Omdat verzoeker op zijn bagage als eindbestemming Amsterdam had ingevuld, moest hij om zijn bagage op te halen voor zijn verdere reis naar Ierland, de Nederlandse grens passeren. De Koninklijke Marechaussee weigerde verzoeker de verdere toegang tot Nederland, omdat hij geen duidelijk reisdoel had in Nederland.
2. Verzoeker diende daarop op 2 februari 2001 de volgende klacht in bij de staatssecretaris van Justitie:
“This is a complaint against two immigration officials at the Schiphol Airport in Amsterdam, who with help from KLM and Aer Lingus, ruined my Christmas. The immigration officials refused a reasonable and valid request of mine to collect my luggage at Schiphol whilst on route to Ireland. I am also copying this letter to KLM and Aer Lingus, who compounded the problem by blaming each other for the three weeks it took for my luggage to be located. I am also copying this to Northwest Airlines, since the ticket to Amsterdam was booked with them, in a code-shared flight with KLM.
(…)
On December 24th, I landed at the Schiphol Airport in Amsterdam from San Francisco, on my way to Cork, Ireland, to spend the Christmas vacation with my fiancée S. As we intended spending several days in Paris over the vacation, I also had a valid Schengen visa for that trip, issued by the Consulate General of France in San Francisco, and the visa was valid from December 24, 2000 to January 15, 2001. I have attached a copy of this visa for your reference (zie hierna onder A.3.; N.o.).

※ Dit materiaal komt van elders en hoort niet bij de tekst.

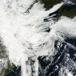 Hurricane Karen was a hurricane of non-tropical origin that formed in October of the 2001 Atlantic hurricane season. It developed out of the interaction between a cold front and an upper level trough on October 10 located to the south of Bermuda, and quickly strengthened as an extratropical storm. The storm passed near Bermuda on October 12, producing hurricane-force winds on the island. It then organized, becoming a subtropical cyclone on October 12 and a tropical cyclone on October 13. Karen strengthened to reach 80 mph (130 km/h) winds as a Category 1 hurricane on the Saffir-Simpson Hurricane Scale, and after weakening over cooler waters, it made landfall on Nova Scotia as a tropical storm. It quickly became extratropical.

Her are my original flight details.
(1) Leaving SFO for AMS in KLM 606 on Dec 23, 2000 at 4:10 PM, and arriving at AMS Schiphol Airport on December 24, 2000 at 11:30 AM.

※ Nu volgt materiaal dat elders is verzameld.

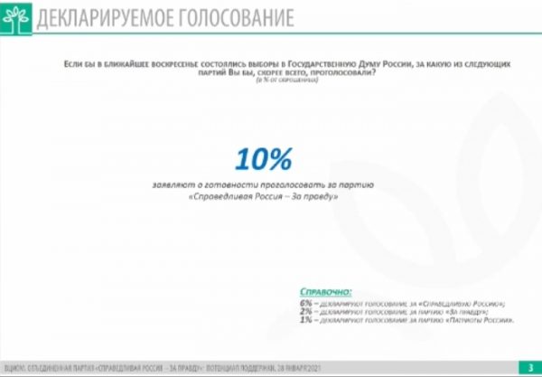 «Сегодня около 10% заявляют о том, что они готовы проголосовать за партию с названием «Справедливая Россия» — «За правду». Надо сказать, что за «СР» декларировали готовность проголосовать 6%, показатели «За правду» — 2%, «Патриотов России» — 1%», — сказал он.
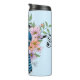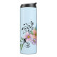 Ein blauer Jay-Vogel umgeben von rosa, lila und pfirsichfarbenen Frühlingsblumen Set vor einem hellblauen Hintergrund.
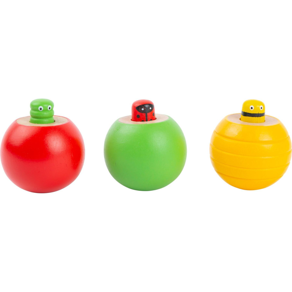 Mohly by tyto hračky ve tvaru ovoce s vykukujícím hmyzem fungovat jako káča? Barevné míčky z pevného dřeva, z kterých vykukuje včelka, housenka a beruška vydávají při zatlačení vtipný zvuk. Když je zamáčknete a poté opět vypustíte, hračka vyskočí, což jistě děti rozveselí. Tři typy s rozdílnými barvami a detaily.
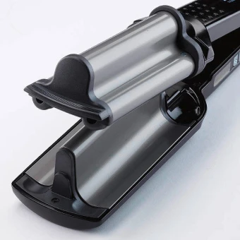 Dank der extrem geformten Heizstäbe und der hohen Temperatur entstehen im Handumdrehen stark definierte Wellen. Die Ionen-Technologie macht das Haar seidig glänzend und geschmeidig. Verhindert die statische Aufladung der Haare.

(2) Leaving AMS for DUB in El 609 on December 24, 2000 at 7:15 PM, then connecting to ORK at DUB in EI 657 at 22:05 PM.
Since I had a layover of more than 7 hours at Amsterdam at Dec 24, I hoped to try and catch an early flight to Dublin, and then another early flight to Cork. Based on this plan, I checked my luggage into Schiphol airport instead of all the way to Cork airport, a decision I regret till today.
On my way to collect my luggage, I had to pass through immigration. The officer asked me for the purpose of my trip and explained him the details as outlined in the proceding paragraph.
I am not sure why the immigration officer had difficulty understanding the Schengen visa, but he did request assistance from another officer. The second officer also looked at the visa. He agreed the visa was a valid Schengen visa, but told me that he could not let me in since my potential stay at Amsterdam was not for any length of time and that the visa's primary purpose was my planned visit to Paris. This is the first I ever heard of the Schengen treaty being interpreted this way. He also made the remark that as I was an Indian citizen, he could not allow me transit access either. He refused to let me collect my baggage and directed me to contact the airline to transfer my baggage to Cork.
By this time, a queue of about 30 impatient (which is understandable) people had formed behind me, and I was being humiliated in front of all those people by this whole interrogation. Despite the fact that I had a valid visa, the officers would not budge. They seemed to have had supreme confidence in KLM's ability to handle the baggage situation.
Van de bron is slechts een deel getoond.